Please refer to INSTALL.md for the installation of MS3D.
- Please refer to DATASET_PREPARATION.md to prepare the datasets.
- Please refer to GETTING_STARTED.md to learn more about how to use MS3D. We are also planning on releasing a guide for custom datasets, stay tuned!
- Please refer to PARAMETERS.md on a guide of how to tune MS3D parameters.
- Please refer to VISUALIZATION.md to learn how to use our visualization tools.
For all tables below, "GT-FT" refers to fine-tuning the pre-trained detector using ground-truth labels from the target domain. Results are reported at IoU=0.7 evaluated at 40 recall levels (R40). Refer to our paper for detailed results.
Models for target-nuscenes can be downloaded here. We also provide MS3D results for fine-tuning with multi-frame detection as is common on nuScenes models to demonstrate that we can further boost performance. All models below use SECOND-IoU.
Method | Source | Vehicle (BEV) | Vehicle (3D) |
---|---|---|---|
MS3D | Waymo | 42.23 | 24.76 |
MS3D | Lyft | 41.64 | 23.46 |
MS3D (10 frame) | Waymo | 47.35 | 27.18 |
GT-FT | Waymo | 44.39 | 29.46 |
GT-FT (10 frame) | Waymo | 50.05 | 33.32 |
Models for target-lyft can be downloaded here. Similarly to nuScenes we show multi-frame detection results for MS3D. All models below use SECOND-IoU.
Method | Source | Vehicle (BEV) | Vehicle (3D) |
---|---|---|---|
SN | nuScenes | 63.11 | 39.60 |
SN | Waymo | 71.61 | 56.13 |
ST3D | nuScenes | 67.33 | 41.82 |
ST3D | Waymo | 73.86 | 56.33 |
MS3D | nuScenes | 75.02 | 59.01 |
MS3D | Waymo | 77.05 | 60.17 |
MS3D (3 frame) | Waymo | 76.89 | 63.12 |
GT-FT | Waymo | 81.10 | 66.76 |
GT-FT (3 frame) | Waymo | 83.58 | 69.44 |
Due to the Waymo Dataset License Agreement we do not provide links to models that are trained on waymo data. You can train your own model using our provided configs.
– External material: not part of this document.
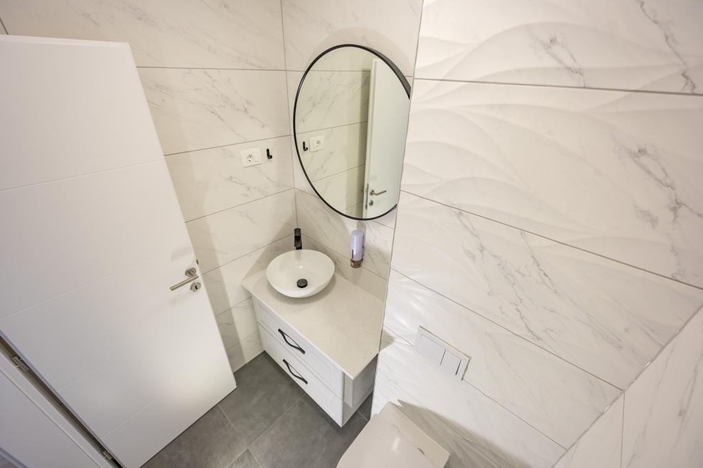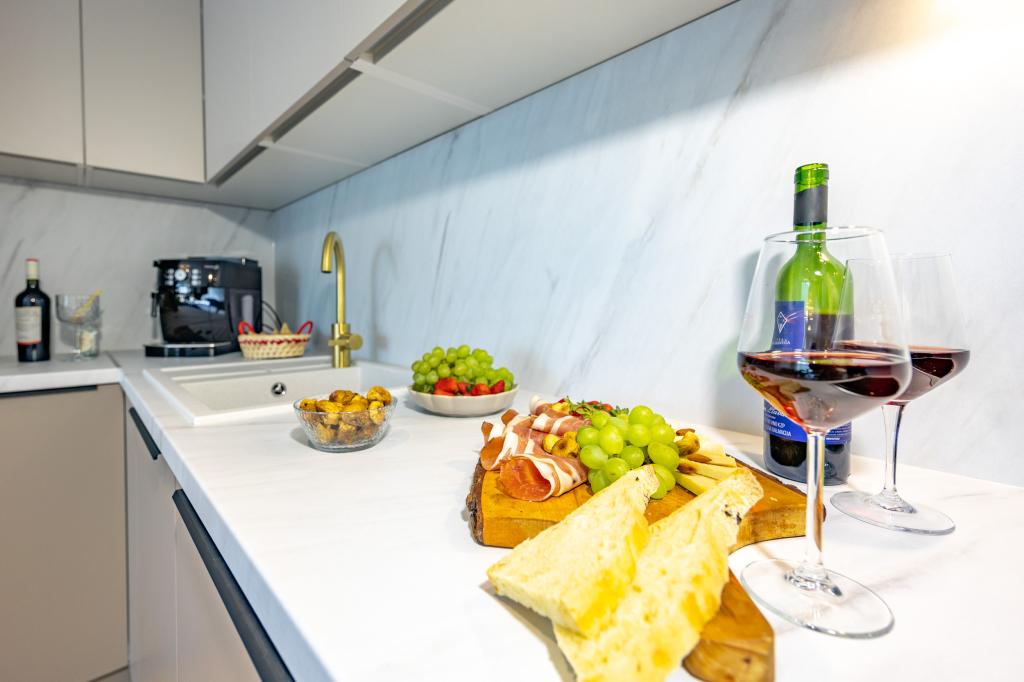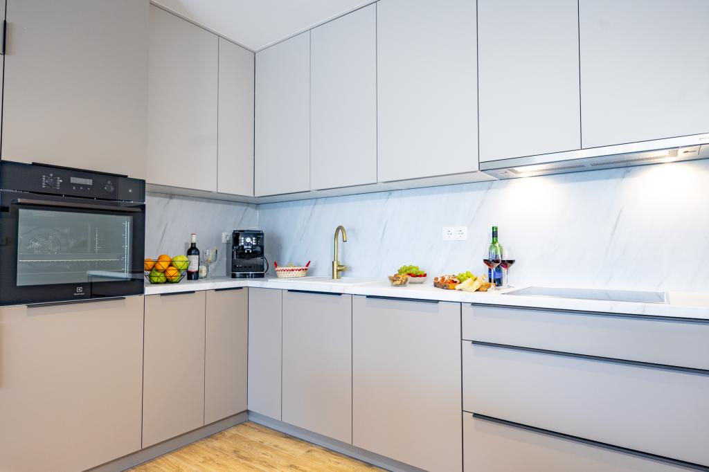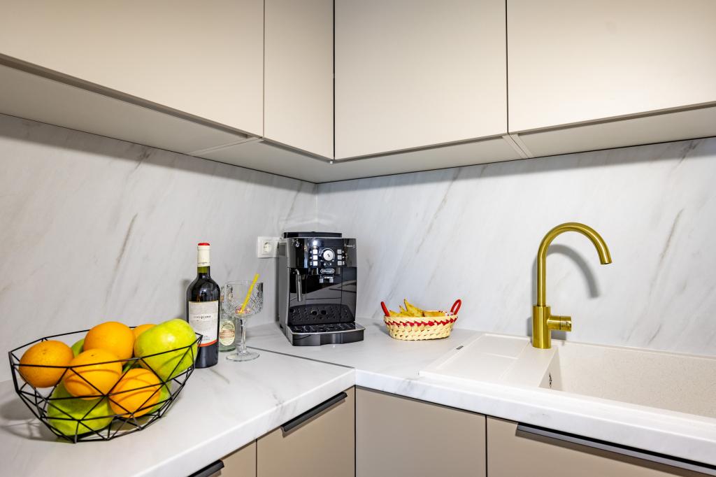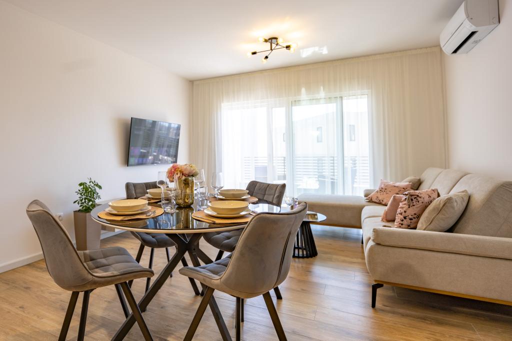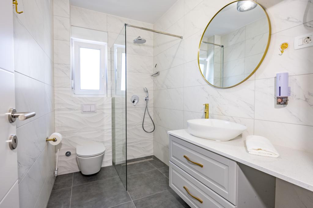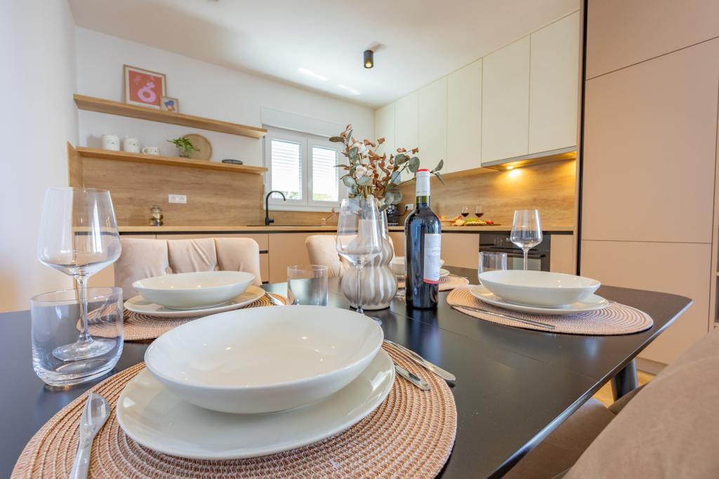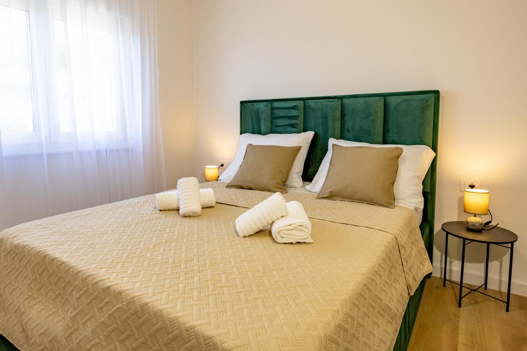 Each apartment exudes modern design and newly renovated interior. In the spacious living room, decorated with tasteful furniture and contemporary details, you will feel right at home. The open concept naturally connects the living room with a fully equipped kitchen, where elegant countertops, quality appliances and all the space you need to prepare your favorite meals await you. The living area opens onto a pleasant balcony - an ideal place for morning coffee or evening relaxation with a glass of wine and an unforgettable sunset over the Adriatic. Each apartment has two comfortable bedrooms with double beds, equipped with soft bedding and plenty of storage space, one modern bathroom and an additional toilet. The apartments are air-conditioned and fully equipped: TV/SAT, internet, washing machine, dishwasher, coffee maker and everything you need for a pleasant and carefree stay.
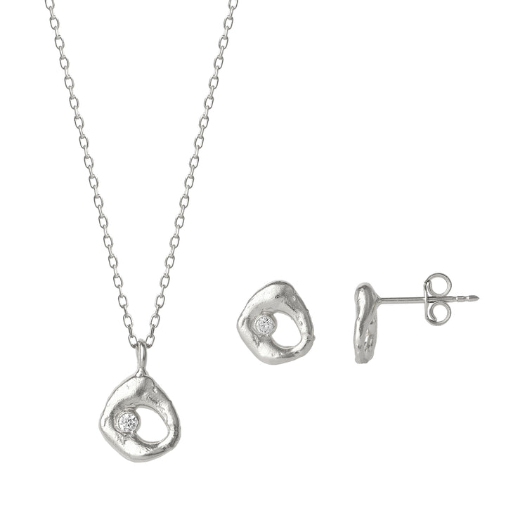 This set, which includes a necklace and earrings, is crafted from sterling silver. It features a natural textured, dripping molten design. Store in a dry, cool place.

If you want to download the models, please send me an email with your name, institute, a screenshot of the Waymo dataset registration confirmation mail and your intended usage. Please note that Waymo open dataset is under strict non-commercial license, so we are not allowed to share the model with you if it will use for any profit-oriented activities.
All models below use SECOND-IoU.
Method | Source | Vehicle (BEV) | Vehicle (3D) |
---|---|---|---|
SN | Lyft | 53.39 | 39.22 |
SN | nuScenes | 50.69 | 28.86 |
ST3D | Lyft | 56.06 | 39.17 |
ST3D | nuScenes | 55.67 | 28.83 |
MS3D | Lyft | 61.25 | 42.88 |
MS3D | nuScenes | 61.39 | 42.76 |
GT-FT | Lyft | 66.76 | 52.50 |
We provide models trained on source-domain data used in our experiments.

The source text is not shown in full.